Hey guys, I know things have been pretty BodyAttack-ish lately what with my Module Training on the weekend and my review of Release 79 this morning, but I promise I’ll try and balance things out a bit. You can’t blame me though, it’s like this crazy thing that spreads all over you- haha that sounded odd but you get me.
How is your Tuesday? It’s still raining and miserable here, and to top it off I’ve got uni this afternoon. The rain, my lack of motivation and the apparent ridiculous situation in our uni carpark has got me dreading the trip…oh not to mention it’s a round trip of 80km and $16 of tolls… Must remind self- only one more year.
Anyways apart from a sweaty lower body weight session this morning and a CXWORX class I’ve been eating, organising this and that on the computer and cleaning the kitchen. Oh and I finally made friends with my foam roller again.

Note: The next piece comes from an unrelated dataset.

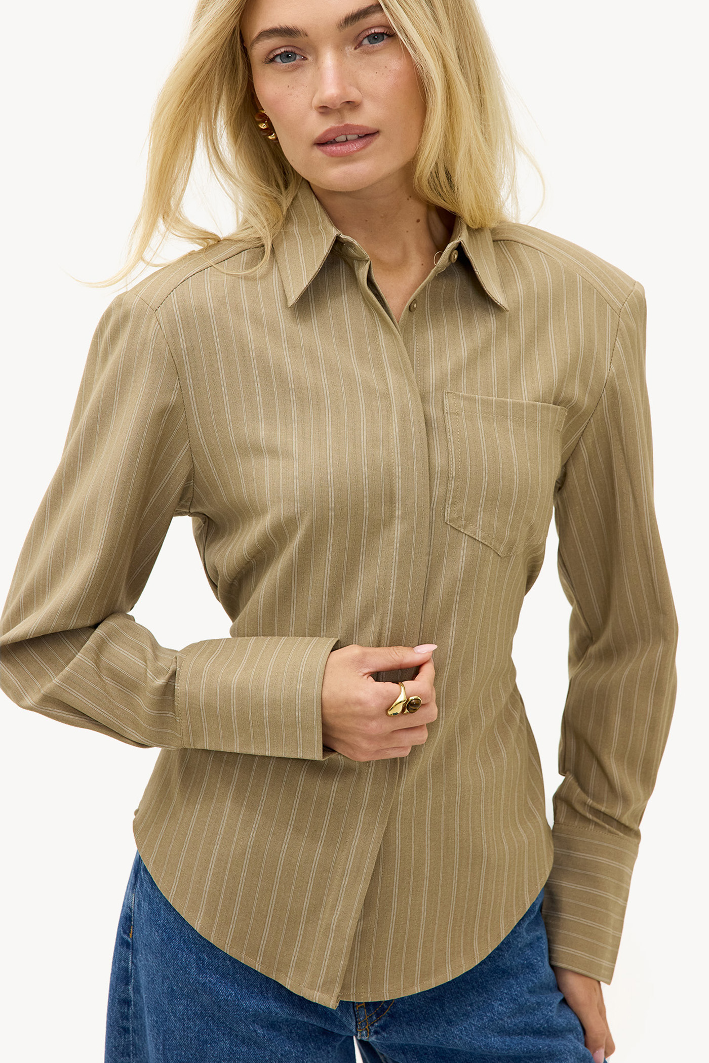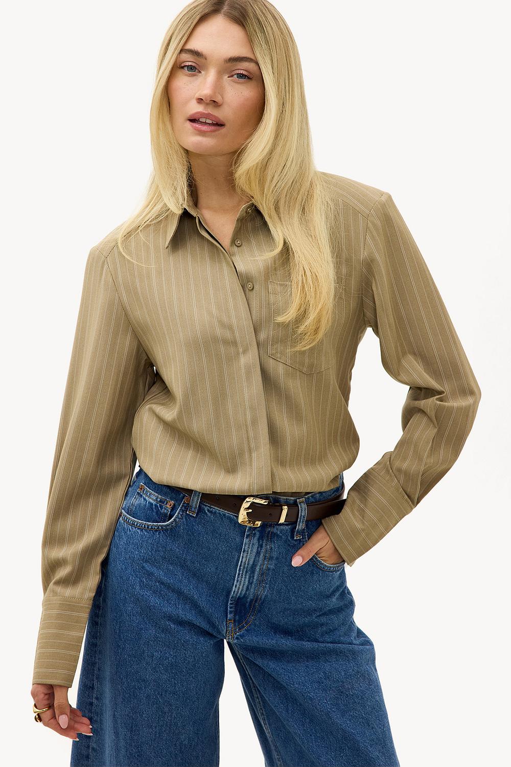 Chemisier rayé vert clair avec épaulettes et détail nœud 49,99 €Cette blouse camel présente un imprimé à rayures classiques avec une coupe ajustée. La fermeture à boutons et la poche poitrine offrent un look de bureau chic, tandis que l'étirement subtil assure le confort. La coupe ajustée et les épaulettes accentuent la silhouette de manière élégante. Associez cette blouse à un jean large pour un look décontracté et soigné.

Being Hungry Is a Scary Thing
My crazy nine hour days for training left me with quite an appetite on Monday- I didn’t eat all that much Saturday and Sunday (we were constantly moving and working out so couldn’t do that on a full belly, plus I wasn’t overly famished those nights) so I think it all caught up with me yesterday. And even a little bit today.
You know what I’ve realised? I’m terrified of being hungry, especially when it’s that hunger that just seems insatiable- or the one that seems satisfied after a snack and twenty minutes later is crying for more.
Why am I scared, I don’t really know. Maybe because I’ve had a past of depriving myself and eating more means more calories. Maybe it’s because I’m scared the hunger will never stop and it will get out of control. Maybe it’s purely because I still have trust issues with my body to deal with.
Or maybe it’s a combination of a bazillion different reasons. But in all honesty, I don’t think I’m alone in this.
I get into a situation where I’m hungry and instead of just eating, I over think everything.
I just ate but? Will I ever not be hungry? Does this make me greedy? Am I actually hungry? What will I eat? What if I make an unhealthy choice? What if someone judges me? Will it make me gain weight?
Ugh I don’t want to be scared of such a stupid thing- something that’s crucial to everyday functioning and living!
I don’t know what I can do to take away this anxiety around being hungry, hmm. I will talk to my therapist about it on Thursday and report back.
- Any tips for dealing with hunger anxiety?
- Do you get anxious about something ‘silly’ like this?